Americans are often well aware of the far reaching powers of the Federal government, the president, his justice department and the Supreme Court and its subsidiary courts. Many, however, remain unaware of just how powerful their state government really is.
States administer welfare programs such as unemployment, they determine the licensing for professions, the vast bulk of court proceedings happen in state courts, state legislatures pass tens of thousands of bills each year, compared to a few hundred by Congress, and state executive agencies are the common point of citizen contact with government.
We have put together a short list of policy actions which state lawmakers should be taking to curtail whatever amounts of immigration possible, since the Federal government clearly refuses to act in the best interest of the American people no matter who inhabits the Oval Office.
Many may be surprised to hear this, considering how free and easy travel between American states has been, but governors have the power to protect their states through the closure of borders! This power has been upheld twice, first in Jacobsen v. Massachusetts, and for a second time in Zemel v. Rusk.
No states enacted hard border closures during the COVID-19 pandemic, but this power was always available to them. Tribal governments, however, did take advantage of this recognized power and several of them completely closed their borders to non-residents for the duration of the crisis.
Governors serious about protecting their states should invoke the spectre of COVID, Denge, Hemorrhagic fever and the plethora of serious and deadly diseases present in Central and South America, as recognized by the CDC. Borders could be closed using any excuse available, ranging from health concerns, to concerns about environmental harm, declarations of emergency, disaster or whatever it takes. Let the courts spend time litigating these actions while governors busy themselves protecting their residents.
Another step would be for be for states to require that the E-verify system be mandatory for every employer, public or private, within their borders. Currently just nine-states, the entire deep south plus Arizona and Utah, require that E-verify checks be carried out by all employers both public and private, thus preventing illegal workers from accessing most levels of employment.
The next necessary policy change takes aim at the Reagan Amnesty, the 1986 IRCA. This act contains a provision which makes it near impossible for prosecutors and Federal officials to take businesses to court whom employ illegal immigrants. This section (Section B) should and must be replaced, but the Federal government is clearly unwilling to do so. That does not, however, mean that state governments cannot act.
A 2011 Supreme Court Ruling permitted an Arizona law which punishes businessowners for hiring illegal aliens by revoking their business licenses.

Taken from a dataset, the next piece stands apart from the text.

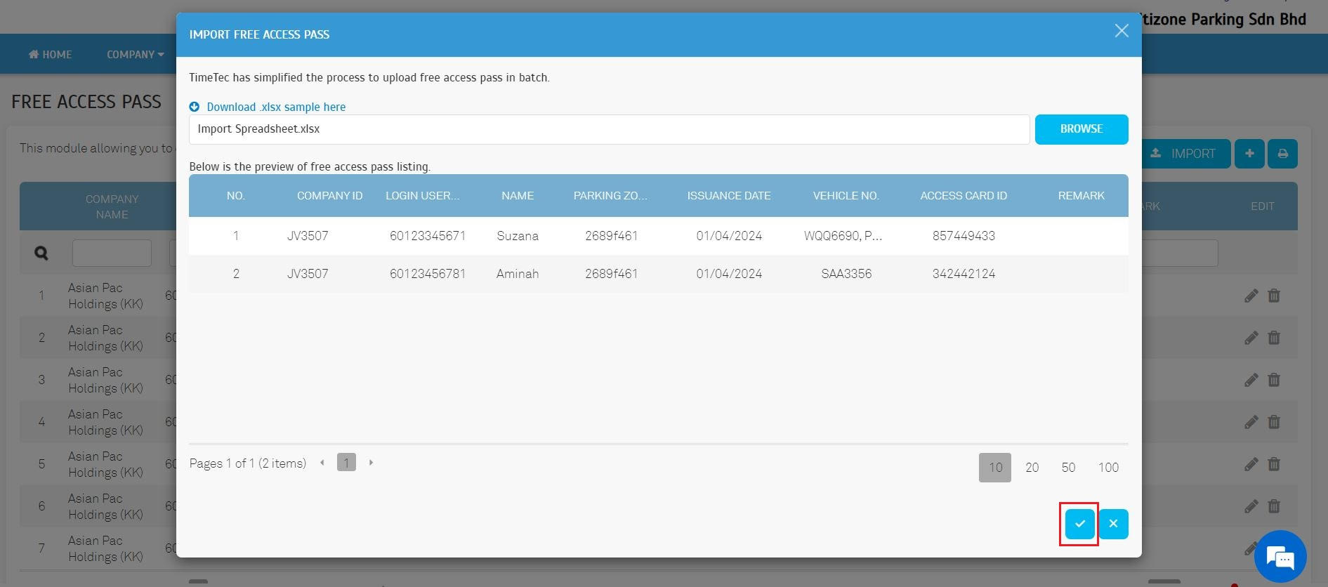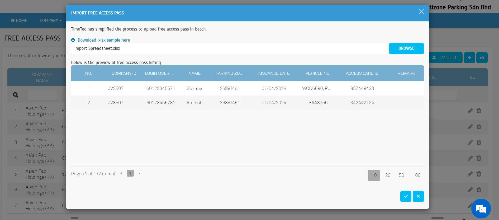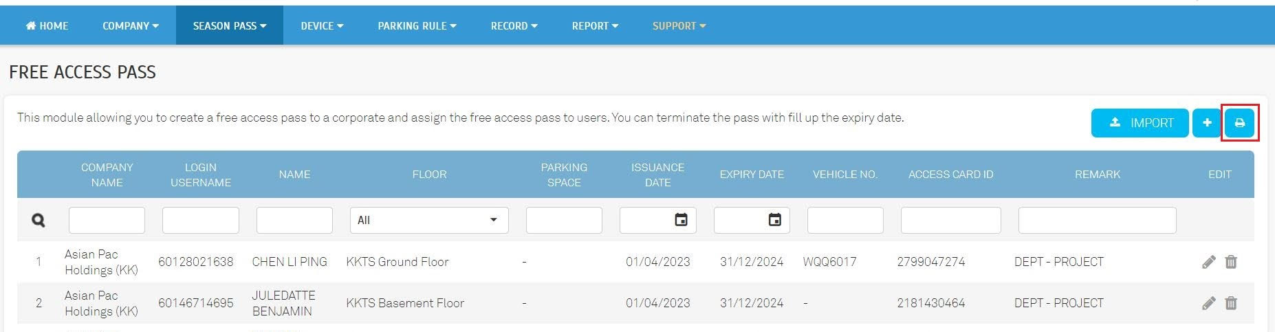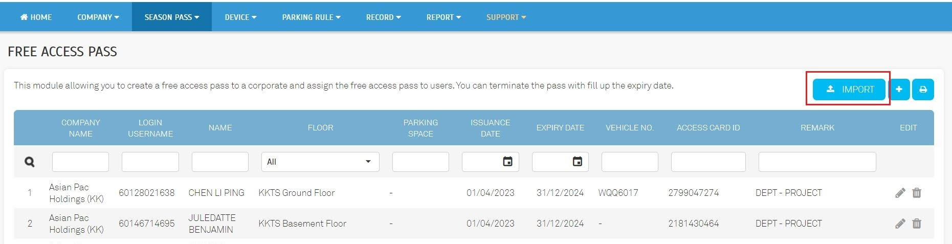 2. Free Access Pass - Integrated an Excel file Import and Export function

As far as We are able to tell Arizona is the only state with such a provision, but there is nothing stopping other state legislatures from adopting such rules.

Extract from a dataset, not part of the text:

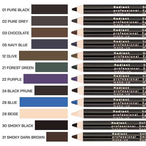 Radiant Waterproof Eye Liner Pencil with Smudging Tool, 30g for Easy Application

And finally, to deal with the high levels of legal immigration the nationalist state lawmaker will want to follow the example of Louisiana and ban foreigners from buying, renting and leasing properties. In HB 537, which was signed into law less than a week ago, the state of Louisiana banned ‘foreign adversaries’ from buying, renting or leasing land within 50 miles of a military installation within the state.
Florida has also passed similar legislation which bans the buying or leasing of property buy ‘foreign adversaries’ within 10 miles of its critical infrastructure.
There is no reason that these bans could not be extended to cover all/nearly all of a state’s land area. There is also no apparent impediment to expanding the list of banned foreign citizens from buying land, states could ban subcontinental Indians, Haitians, Mexicans and many more foreign legal immigrants from buying or renting land.
This would, in effect, ban legal immigrants from being able to take up residence in a state and could serve as a powerful mechanism to protect the demographic make-up of a community and region.
Our state lawmakers can and should be doing much more to protect us.